== GIVEN INFORMATION
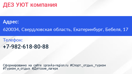 ДЕЗ-УЮТ, компания по адресу 620034, Свердловская область, Екатеринбург, Бебеля, 17 в дальнейшем Организация, размещена в следующих категориях:
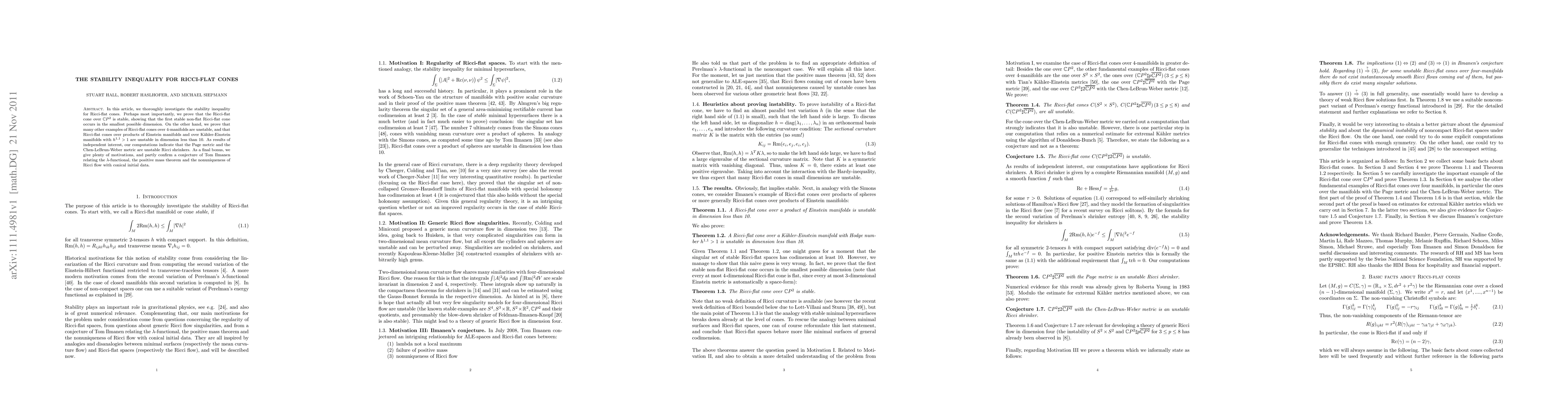 In this article, we thoroughly investigate the stability inequality for Ricci-flat cones. Perhaps most importantly, we prove that the Ricci-flat cone over CP^2 is stable, showing that the first stable non-flat Ricci-flat cone occurs in the smallest possible dimension. On the other hand, we prove that many other examples of Ricci-flat cones over 4-manifolds are unstable, and that Ricci-flat cones over products of Einstein manifolds and over Kahler-Einstein manifolds with h^(1,1)>1 are unstable in dimension less than 10. As results of independent interest, our computations indicate that the Page metric and the Chen-LeBrun-Weber metric are unstable Ricci shrinkers. As a final bonus, we give plenty of motivations, and partly confirm a conjecture of Tom Ilmanen relating the lambda-functional, the positive mass theorem and the nonuniqueness of Ricci flow with conical initial data.
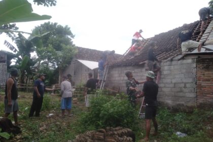 Babinsa Desa Bubuk Kerja Bakti Membenahi Rumah Warga di Desa Binaan
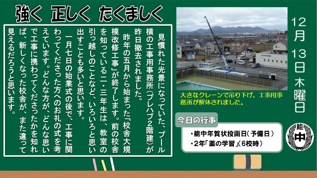 |   | |  | | 日誌| 2018/12/14 | 12月13日(木) |  | by 校長 |
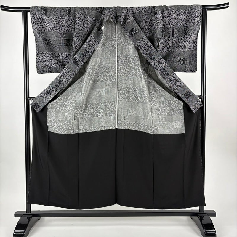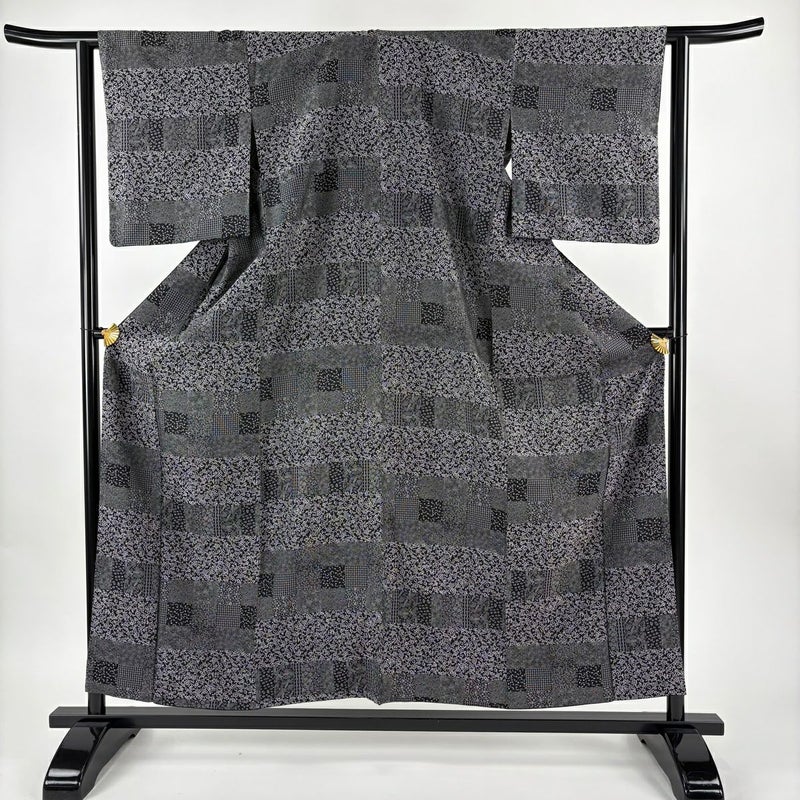 【小紋】 黒系 黒 逸品 A 約150cm~約159cm 裄丈63cm-64cm (S)size 袖丈49cm 30000- 美品 五万以下
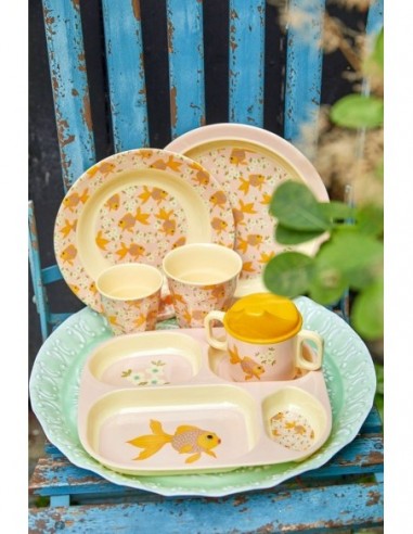 Le fameux gobelet RICE en mélamine pour enfant, imprimé poisson rouge et fleurettes sur fond rose pâle. Ce gobelet est un de nos articles préférés… On peut l’utiliser pour presque tout – pour boire bien sûr, mais aussi pour un petit en-cas, comme vide-poche, en pique-nique ou pour mettre des jolies fleurs.
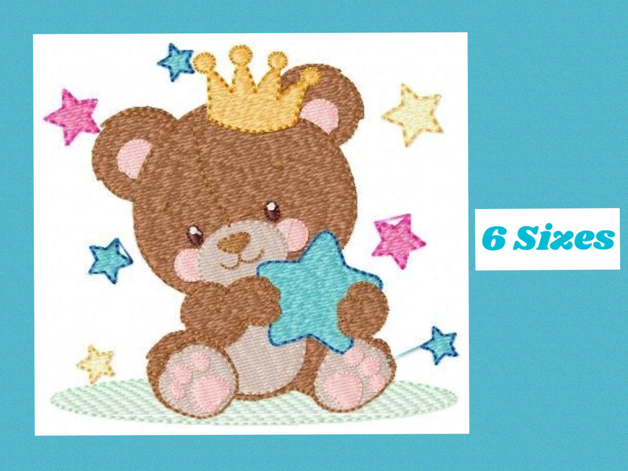 Bear embroidery designs - Bear with crown embroidery design machine embroidery pattern - Teddy bear embroidery file baby kid newborn nursey
====
• **EXERCISE DIRECTIONS**
Copy out the lines above in full and unaltered, apart from the pictures.

• **TASK RESULT**
 ДЕЗ-УЮТ, компания по адресу 620034, Свердловская область, Екатеринбург, Бебеля, 17 в дальнейшем Организация, размещена в следующих категориях:
 In this article, we thoroughly investigate the stability inequality for Ricci-flat cones. Perhaps most importantly, we prove that the Ricci-flat cone over CP^2 is stable, showing that the first stable non-flat Ricci-flat cone occurs in the smallest possible dimension. On the other hand, we prove that many other examples of Ricci-flat cones over 4-manifolds are unstable, and that Ricci-flat cones over products of Einstein manifolds and over Kahler-Einstein manifolds with h^(1,1)>1 are unstable in dimension less than 10. As results of independent interest, our computations indicate that the Page metric and the Chen-LeBrun-Weber metric are unstable Ricci shrinkers. As a final bonus, we give plenty of motivations, and partly confirm a conjecture of Tom Ilmanen relating the lambda-functional, the positive mass theorem and the nonuniqueness of Ricci flow with conical initial data.
 Babinsa Desa Bubuk Kerja Bakti Membenahi Rumah Warga di Desa Binaan
 |   | |  | | 日誌| 2018/12/14 | 12月13日(木) |  | by 校長 |
 【小紋】 黒系 黒 逸品 A 約150cm~約159cm 裄丈63cm-64cm (S)size 袖丈49cm 30000- 美品 五万以下
 Le fameux gobelet RICE en mélamine pour enfant, imprimé poisson rouge et fleurettes sur fond rose pâle. Ce gobelet est un de nos articles préférés… On peut l’utiliser pour presque tout – pour boire bien sûr, mais aussi pour un petit en-cas, comme vide-poche, en pique-nique ou pour mettre des jolies fleurs.
 Bear embroidery designs - Bear with crown embroidery design machine embroidery pattern - Teddy bear embroidery file baby kid newborn nursey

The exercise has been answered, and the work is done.